We will want to define a few operation on the wedges. Here are some ideas for functions that would be nice to have:

  1. slicer is a function that makes a slice at a given angle. For instance, if we want to make a slice at 130 deg, this function looks for any wedge (there should only be one) that spans 130 deg, and divides that wedge into two wedges. We would apply it twice before we flip the wedges.

  2. chooser is a function that takes our list of black wedges and selects the ones that are within two slices. The selected wedges will be flipped over later.

  3. rotate takes a list of wedges and rotates by a given angle

  4. flip takes a list of wedges and flips the about the 0 deg direction.

  5. complement is a function that takes a list of wedges within a slice throws them away, but keeps the blank space between them. In effect, it takes a list black wedges and returns a list of the white wedges within a slice. It should be easier to code this function than to maintain two lists of wedges -- one black and one white.

  6. merge is a function that would merge adjacent wedges.
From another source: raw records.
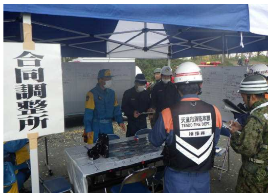
他機関との活動調整訓練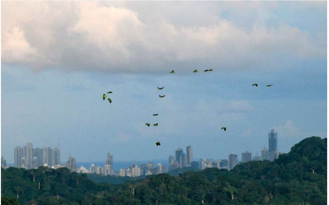
371 Red-lore Parrots / Geelwangamazones Amazona autumnalis , Canopy Tower, Soberanía National Park, Panama, 15 June 2009 (Roef Mulder). Forest view from Canopy Tower, with Panama City in background.

mogelijkheden voor vogelfotografie. Door de grote verscheidenheid en de spectaculair getekend soorten is het een aantrekkelijke bestemming voor vogelfotografen maar in het regenwoud zijn de omstandigheden vaak erg lastig (weinig licht, vochtig, slecht zicht) en vraagt het goed fotograferen veel geduld en inzet. In deze omstandigheden is het fotograferen uit de hand met een gestabiliseerde lens met niet al te grote vergroting (200-400 mm) het meest geschikt, omdat met dergelijke apparatuur snel gereageerd kan worden op wendbare vogels in het bos. ‘Digiscopen’ is in het regenwoud en eigenlijk alleen geschikt om bewijsplaatjes te maken, behalve als aan de bosrand of op een uitkijkpunt boven de bomen de lichtomstandigheden beter zijn.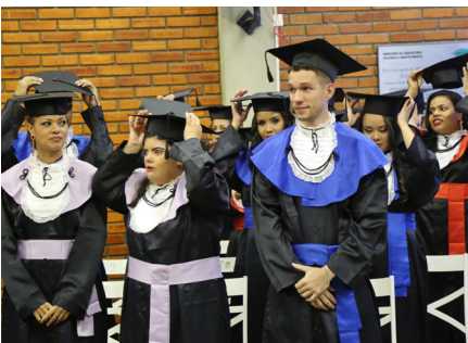
[Imagem 5] 1ª Formatura da UFSB do primeiro ciclo, em 2018

vagas disponíveis aos/às candidatos/as interessados/as em ingressar na UFSB, sendo escolhida a maior nota.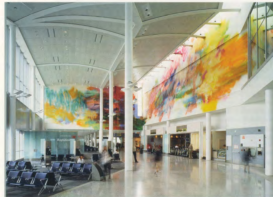
KATHARINA GROSSE, UNTITLED, 2003, acrylic on wall, Pearson International Airport, Toronto, 348 7/16 x 689 x 925 3/8" / Acryl auf Wand, 885 x 1750 x 2350 cm.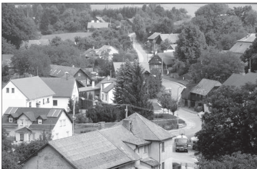
Panorama obce, severní část.

Další modernizace vybavení sboru se uskutečnily v letech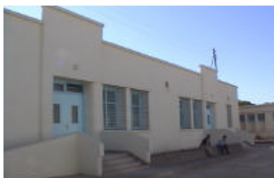
シディ・サイド州病院産婦人科 産婦人科は新設であり、産科、 検査機材を供与する。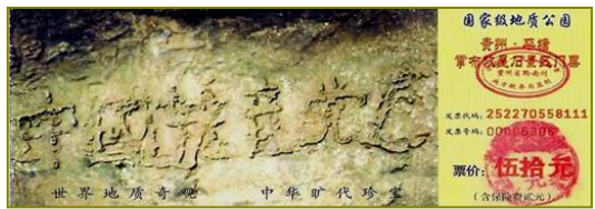
图为藏字石风景区门票。

校长若有所悟的哦了一声说：“怪不得法轮功那么神奇！我一直琢磨共产党历来整人立竿见影，唯独在法轮功面前虚弱无力，原来它面对的不是一般人呀！我总算明白了天为什么要灭中共！看了《九评》我知道共产党做尽了坏事，气数到了；现在看来它灭亡的真正原因是它镇压了法轮功。所以，2002年贵州平塘那块亿年藏字石亮出了‘中国共产党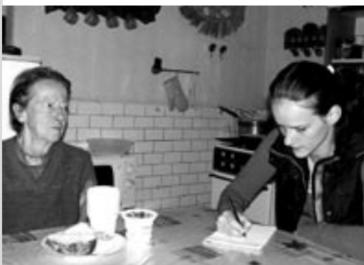
Naše pracovnice na sociálním šetření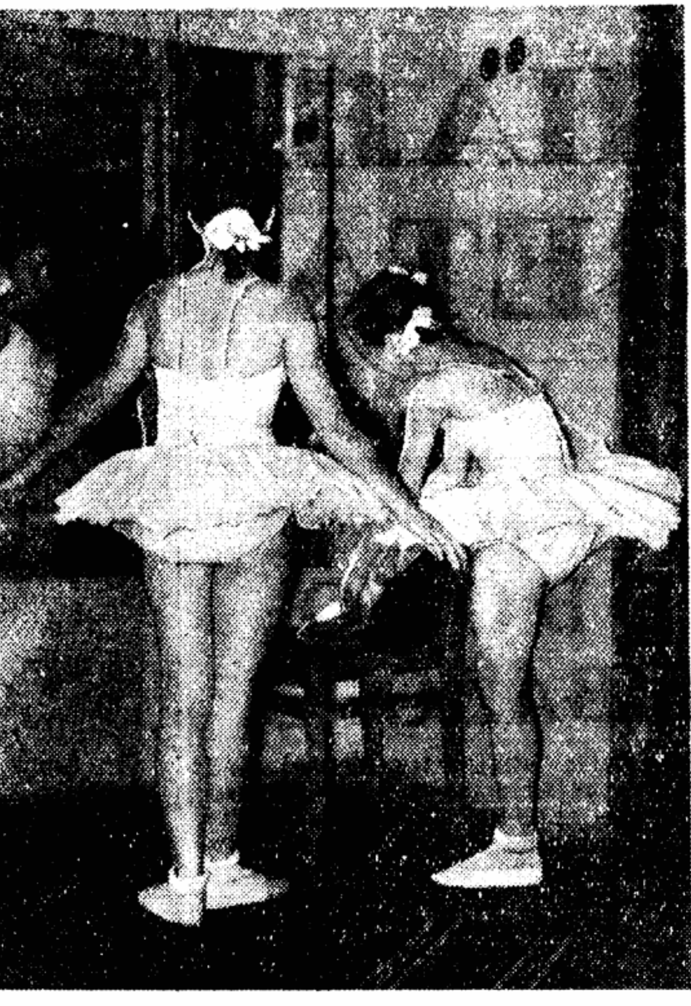
И в хореографическом коллективе Дома культуры завода «Науучи» есть свои Улановы.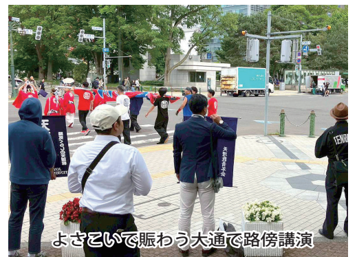
よさこいで賑わう大通で路傍講演

流しをされており、共に布教活動するお互いが勇みをいただいた。また、おちばがえりをされた事のある方に声を掛けていただくなど、小雨降る中にも益々勇んだ布教活動となった。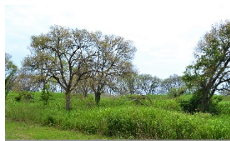
ヨシ群落内で巨木化したヤナギ

ヨシ群落の面積は概ね昭和30年代と同程度にまで回復したが、群落内のヤナギの巨木化等によるヨシの生育不良が見られる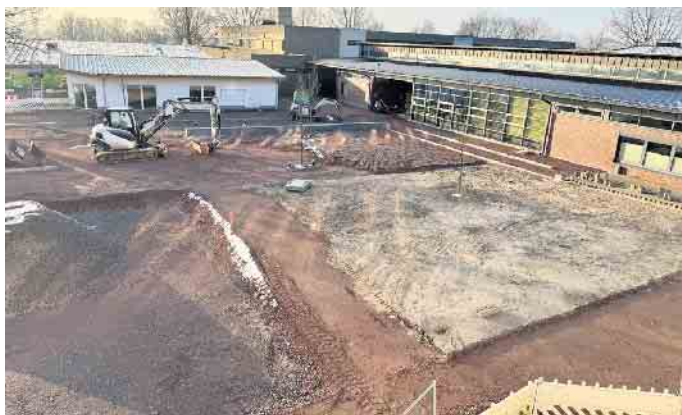
Blick auf den im Bau befindlichen neuen Schulhof der Stemmweder-Berg-Schule.

Für das neue Jugend-, Sport- und Freizeitzentrum steht ein Gesamtbudget von 6,5 Millionen Euro zur Verfügung. Der Bund fördert das Projekt mit knapp 2,3 Millionen Euro. Der Großteil der Gesamtkosten fließt in die umfassende Sanierung der Zweifachturnhalle, die sowohl unter energetischen Gesichtspunkten als auch im Sinne der Barrierefreiheit von Grund auf modernisiert wird.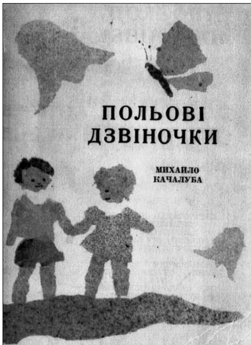
Збірка дитячих віршів «Польові дзвіночки». 1966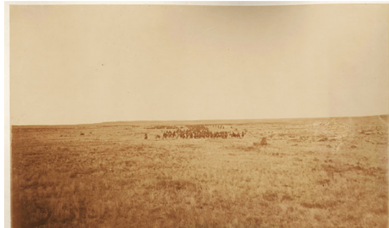
Imagen 7: Pozzo, A. (1879, abril-junio). Expedición al Río Negro [p. 48]. Río Negro, Argentina. El ejército marchando en columna.

Como señala Tell (2017), estos dos corpus se diferencian porque el primero –realizado en la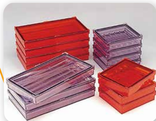
大 (20 枚用) 345×195×48 mm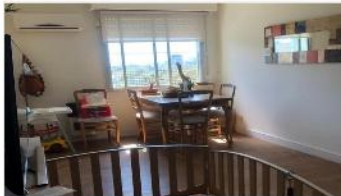
BARRIO PARQUE Depto 3 Amb.

57m2 CUB + Balcon, al frente excelente estado, refaccionado, bajas expensas (DEPA1931)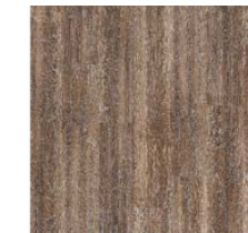
Vinyl-Boden „Brown Limed Oak V4“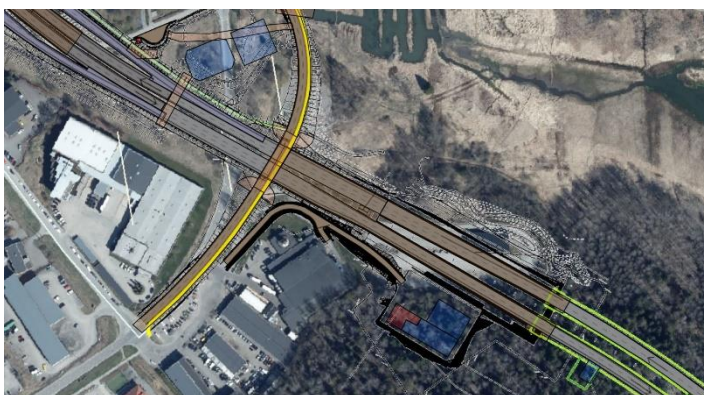
Figur 2: Illustration över Tvärförbindelse Södertörn vid planområdet.

Nuvarande detaljplaner inom planområdet reglerar natur, återvinningscentral och kvartersmark och dessa är i strid mot tvärförbindelsen. Detaljplanen syftar till att reglera Trafikverkets tekniska anläggning för bland annat VA samt möjliggöra en angoringsväg för användande av både Trafikverket samt verksamhet på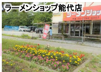
ラーメンショップ能代店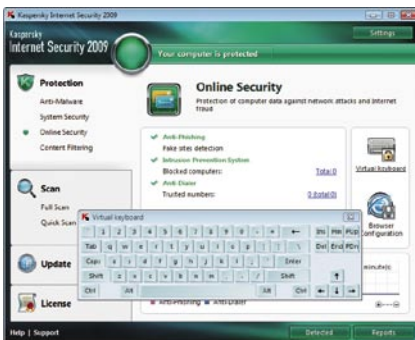
Kaspersky Internet Security 2009. Teclado virtual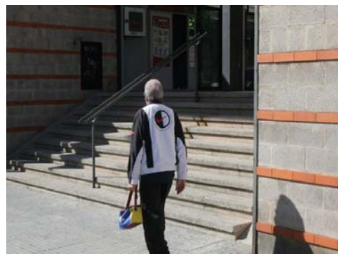
Escala de l'accés principal

Proposem la prolongació del passamà 25cm més enllà dels extrems, així com, la instal·lació de bandes de color i textura que contrasti amb el paviment, que abarqui tot l'ample de l'escala, situades a l'inici i al final d'aquesta. Proposem, també, l'eliminació dels bossells dels graons.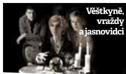
Věštkyně, vraždy a jasnovidci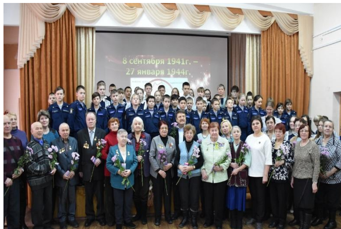
Проект «Пусть молодое поколение свякую память не предаст»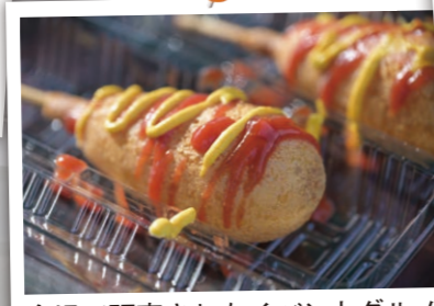
会場で販売されたイベントグルメ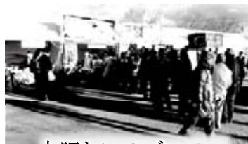
大賑わいのブース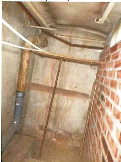
Фото № 9 (ч.п.2)

Акт осмотра объекта нежилого фонда от 28.04.2022, расположенного по адресу: г. Санкт-Петербург, ул. Союза Печатников, д. 26, лит. А, пом. 1002-Н Фото № 7 (ч.п.1) Фото № 8 (ч.п.1)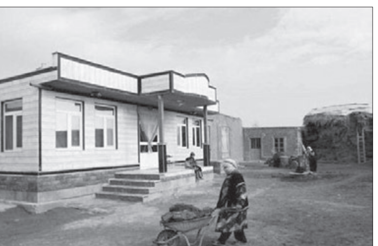
منازل آنها هم اکنون در شرف بهره برداری است که بنیاد مسکن انقلاب اسلامی شهرستان شیراز این بناها را تکمیل کرد.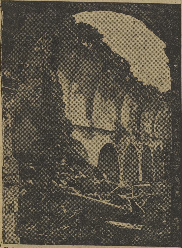
Ruinas heroicas del Santuario de Santa María de la Cabeza, símbolo del tenaz heroísmo y la ejemplar disciplina de nuestra Guardia Civil

Figuroso cumplimiento de sus deberes, constante emulación, ciega obediencia, amor al servicio, unidad de sentimiento y honor y buen nombre de la Institución; este es el supremo mandato fundacional al que sirve la Guardia Civil española desde la misma fecha de su nacimiento cuando ganó a fuerza de insuperables servicios públicos el honoroso título de Benemérita. De entonces acá desde los días del bandolerismo andaluz hasta los de las luchas sociales la Guardia Civil no cesó en la defensa de la tranquilidad y la paz en los campos y en las calles. El charol de sus antiguos tricornos fué a la luz de los acontecimientos de fines del siglo pasado y comienzos de este firme indicio de seguridad para los buenos ciudadanos; y también en nuestra guerra de Liberación tuvo su gesta culminada en la heroica defensa del santuario jienense de Nuestra Señora de la Cabeza. Motivos todos estos suficientes para que mañana en el día de su Patrona renovemos nuestra adhesión a institución tan gloriosa y ejemplar.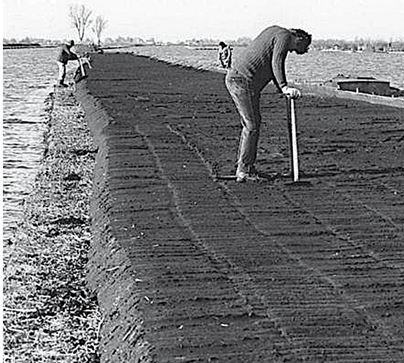
Turfmakers tijdens het vasttrappen van het veenslik uit: collectie Museum De Ronde Venen.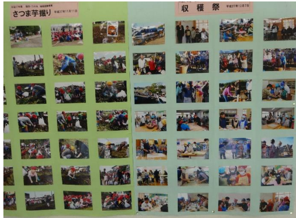
国田地区自治実践会の地域協働事業で国田と三の丸学校の農業に関する田植え、芋ほり、収穫祭等の写真を掲示しました。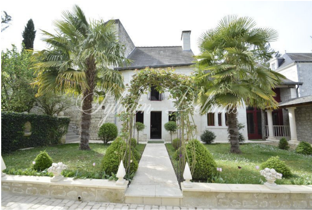
CHINON, Indre-et-Loire, FRANCE 535 000 €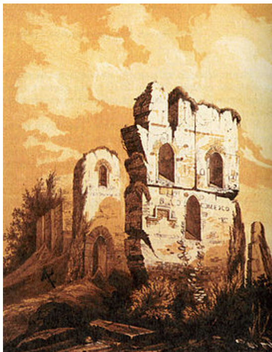
Е. Фабіянський. Малюнок руїн Десятинної церкви. 1857 р.

Поява твору барона Розена «Развалины Десятинной церкви» 1827 р. якраз припадає на період активних археологічних досліджень території храму ще за час існування на давньоруських фундаментах Десятинної церкви Петра Могили.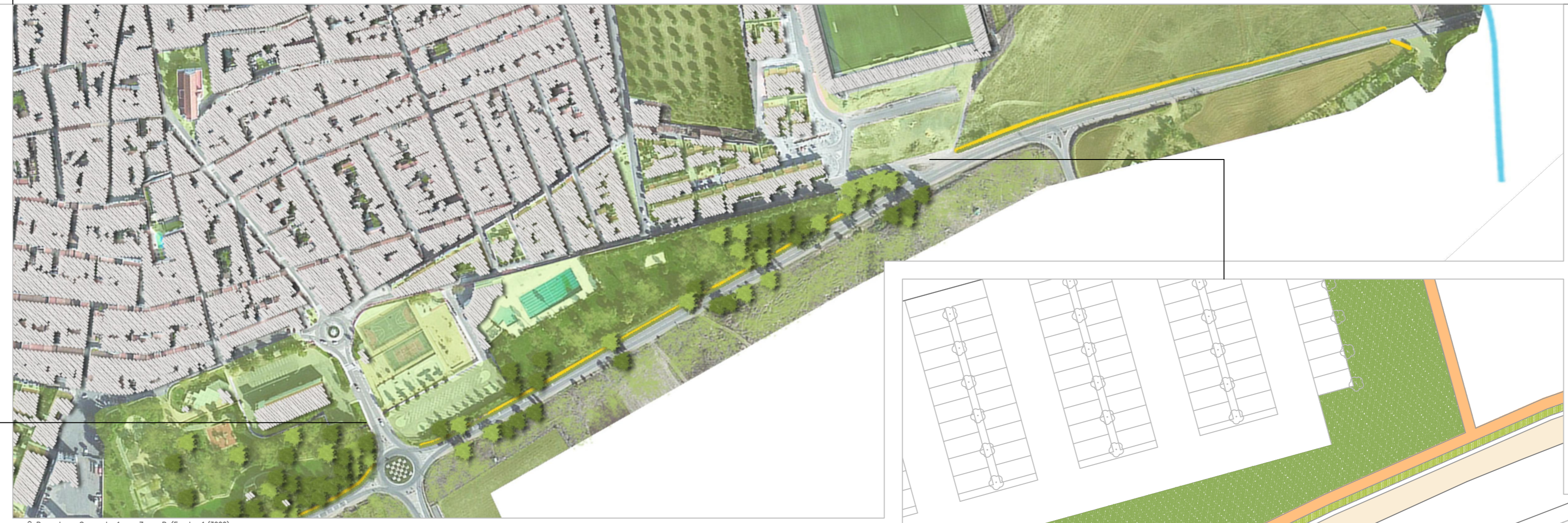
Proposta - Segmento 1 - Zona B (Escala: 1/2000)

For instance, if we had the list of wedges {{30,60},{60,75}}, that is really just one wedge, {30,75}. We can use MMA's Interval function here.

  7. step is a (poorly named) function that determines the two angles of the next slice. It then applies the slice function at each angle. Next, it picks out the wedges within the slice angles. Then it applies rotate to selected wedges, applies flip to the rotated wedges and applies complement to the flipped wedges. Then it rotates the new wedges back and, finally, adds the new wedges to the list of black wedges and does a merge on the list.

  8. display is a function that takes any list of wedges and displays them in the given color.

  9. solver is a function that counts how many times step had been evaluated and watches for a solution. If the list of black wedges has been returned to {{0,360}}, we're through. The number of times step is evaluated is the function $F(a,b,c)$ referred to in the Project Euler problem. solver can also apply display after each step.

  10. euler566 is a function that evaluates the solver for a series of integers $n$, adds up all the results and returns the sum. This function is the $G(n)$ referred to the in the Project Euler problem.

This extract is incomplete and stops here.